I am super tired. It feels like it’s been a long week… Probably because I went out mid week. Fun stuff, although I do feel the hangovers nowadays. This week has been fairly productive. I’ve started more web design projects and editing my own photos in Lightroom. I realized I’ve been doing it with flux on… so now I have to go back and re-edit all of them…
What will I try to improve on next week?
Next week I will focus on making less excuses for myself when it comes to being productive. Happiness is based on self-discipline and that means me being less of a little bitch when it comes to hard work.
What was I most proud of this week?
What was my biggest accomplishment this week?
My biggest accomplishment this week has been using my down time at night to post processing the photos I’ve taken. Instead of sitting around and twiddling my thumbs, I am actually developing my photography skills which I think is a much better use of my time. Creating identity capital!
What have I done to get closer to my life goals this week?
This week I had a call with Carol talking about setting big life goals and trying to find some direction in life.
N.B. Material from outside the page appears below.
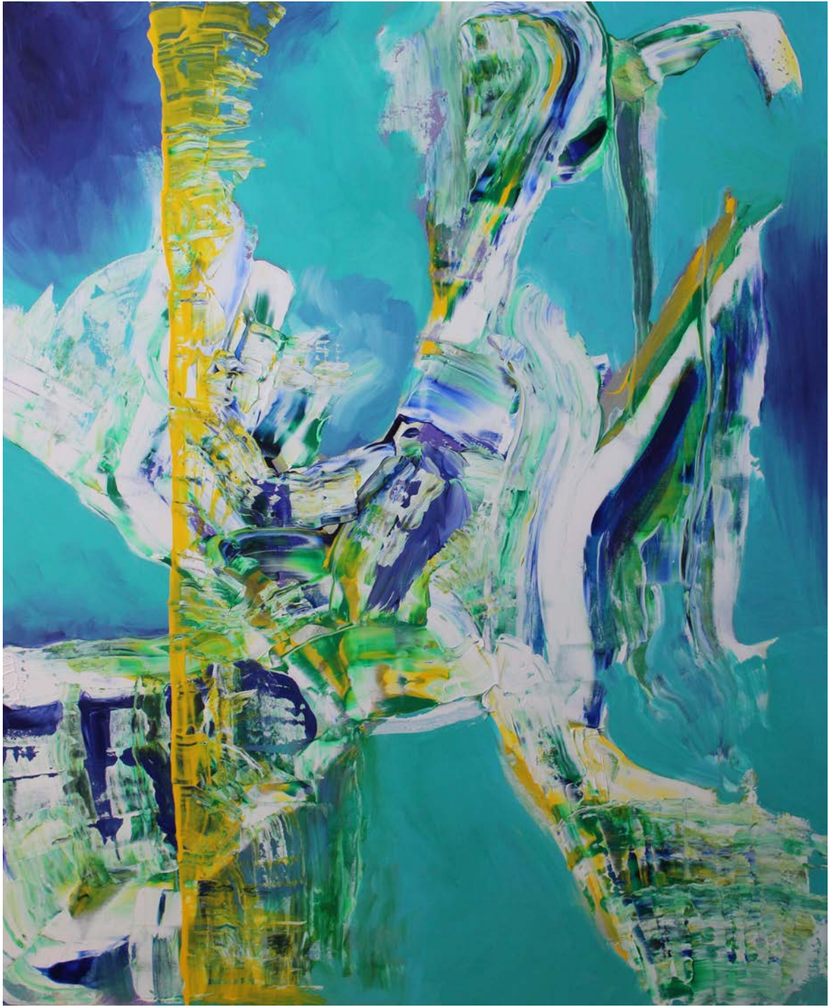
BORDER AS AN INVITATION, 2019

It was a worth while talk to know that I have to keep doing stuff if I want to find out how I will contribute to this world with my life. On top of that, I shouldn’t be too worried about the fact that I don’t know what to do with my career after school yet and just stay open minded to take advantage of any upcoming opportunities.
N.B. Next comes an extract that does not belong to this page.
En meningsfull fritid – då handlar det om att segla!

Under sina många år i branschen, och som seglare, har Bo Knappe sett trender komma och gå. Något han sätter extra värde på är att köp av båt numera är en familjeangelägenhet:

What was hard for me this week, and why?
Staying disciplined. This whole term has been a shit show. My self-discipline really sucks. I think it is slowly increasing week to week but there is still a lot of room to grow and polish this skill off.
What was my biggest waste of time this week?
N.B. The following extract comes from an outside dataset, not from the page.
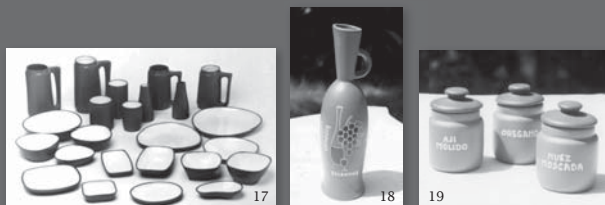
17- Juego de Gres Cerámico Bled. 18- Botella para vino de Oyarce. 19- Especieros de Oyarce.

Desde el punto de vista tecnológico, el mejor ejemplo de diseño que permaneció por más de treinta años, es el de Gres Cerámico Colbo, de la elogiada arquitecta y ceramista Colette Boccara. La tecnología 11 que utilizaba era
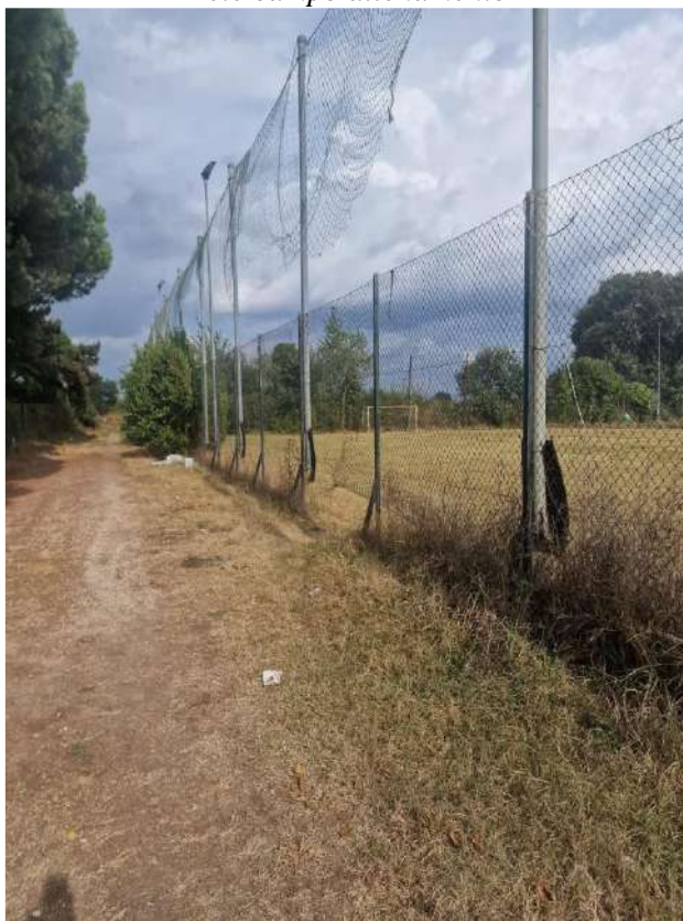
Rete campo allenamento

I’ve started watching a lot of fitness YouTube videos. Although they can be informative, they should still be consumed with moderation. Life is about balance and consuming a fuck ton of YouTube videos is not going to make me bigger or stronger. I think it’s super cool to see watch other people’s lives but it is just entertainment and not necessarily something I want to work towards.
What did I do this week that made me ashamed?
My concept of money has slowly started to fall off. I know that I shouldn’t be cheap when I go out with my friends but I should still be aware of my own financial situation and live within my own means. It is nice to enjoy a nice meal and beer but there is not need to spend so much money on myself for just one meal.